To explore this, we plotted a heat map of the correlations between the variables in the Spotify track dataset. Color blue represents positive correlations and red represents negative correlations. Finding the rows and columns correlated with popularity, we can find that popularity is very positively correlated with the danceability of the song and negatively correlated with the instrumentalness of the song. Is this really the case?
For further analysis, we plotted the scatter plot of popularity vs. instrumentalness and the scatter plot of popularity vs. danceability.
The plot on the left shows popularity vs. instrumentalness. We can see that the points are mostly concentrated at the ends of the x-axis, and there is a tendency for the popularity to decrease as the instrumentalness rises. In addition, we also find that almost all points with high popularity are concentrated in the region where the instrumentalness is particularly small (upper left corner).
4.5 Spotify VS Metacritic VS RYM
Do albums with high ratings also have high popularity?
To answer this question, we drew scatter plots of Spotify popularity and metacritic rating as well as scatter plots of Spotify popularity and Rate Your Music rating. We can see that the distribution of these two plots is about the same.
- Firstly, most of the points are concentrated in the medium rating position.
- Second, the ratings of albums with low Spotify popularity are usually at an average level, and then the range of ratings of albums with high Spotify popularity is very large. This means the popular albums can be lowly rated or highly rated; we cannot say that an popular album must be good or bad.
- In addition, the curve fitted by geom_smooth tells us that albums with extreme low or extreme high ratings are usually more popular. This sounds quite reasonable. Because, high quality albums with high ratings are popular with the masses, while albums with low ratings, which we usually call catchy songs, are also very popular on the web. After all, in this day and age, the attributes of society are entertaining.
The following two graphs show the relationship between Spotify popularity and metacritic rating as well as the relationship between Spotify popularity and Rate Your Music rating in different years. Although in general, the trends and distribution of these graphs are similar to the ones we just mentioned, in some years, there are some edge cases that lead to subtle changes in the situation. For example, in the second graph below, which shows Spotify popularity and Rate Your Music rating, in 2021, albums with higher ratings no longer enjoy higher popularity, which is a curious phenomenon.

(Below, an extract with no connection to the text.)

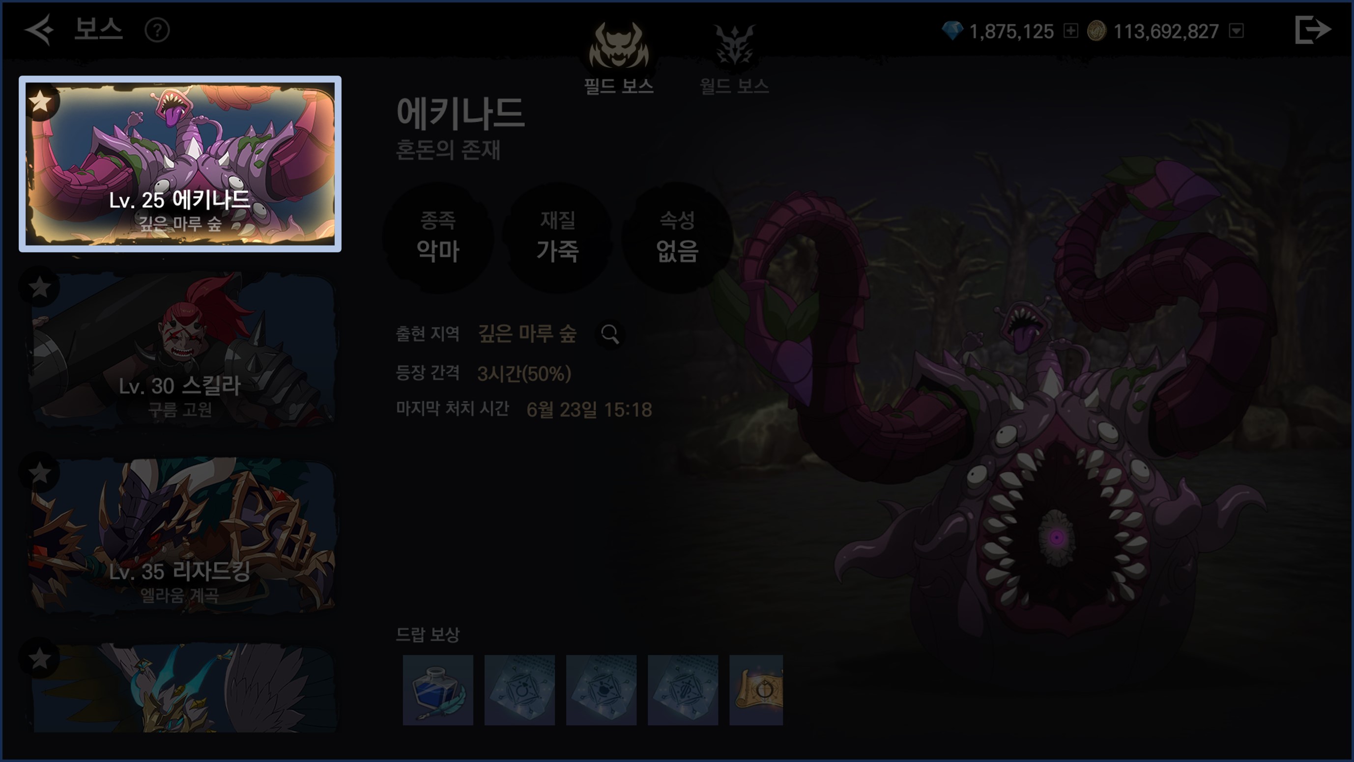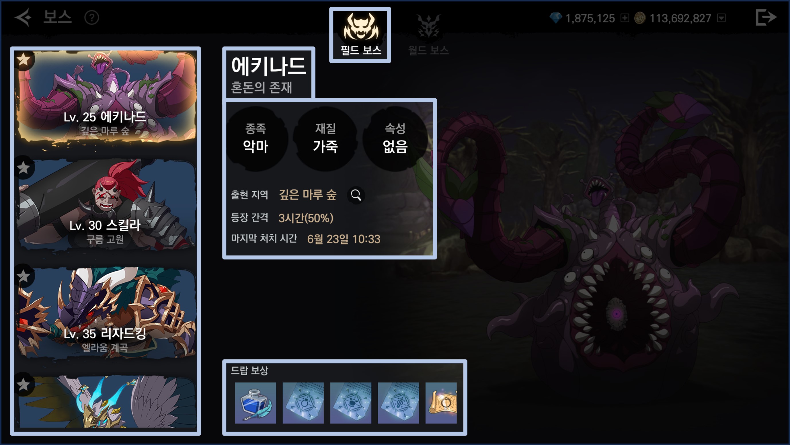 - 출현 지역을 확인할 수 있고 해당 보스의 등장 간격과 주요 획득 보상 등을 확인할 수 있습니다.

A closer look reveals that there is an outlier that causes the fitted curve to shift downward.
In order to better analyze the relationship between popularity and rating, and considering that these are all continuous variables, we plotted the Parallel coordinate plot and properly changed the order of the variables for better observation.
Overall, the relationship between the five variables looks like a capital M, which means that the majority of albums fall within a range where high ratings and low popularity are associated overall. This corresponds to the graph we just presented, where the center of the graph is in the lower right corner. Of course, there are some exceptions in the Parallel coordinate plot, such as the inverted M. These are albums with low ratings but very high popularity.
Below is the Parallel coordinate plot by year, and we can see that in addition to showing the overall trend, the exceptions, i.e., the inverted M shape, become more and more pronounced as the year increases.
We can see that in 2018, the number of inverted M shapes lines is small and they do not stand out, meaning that the minimum popularity is not high. However, in 2022, there are more albums that have this very low rating, yet are extremely popular, both in terms of minimum, maximum and median popularity.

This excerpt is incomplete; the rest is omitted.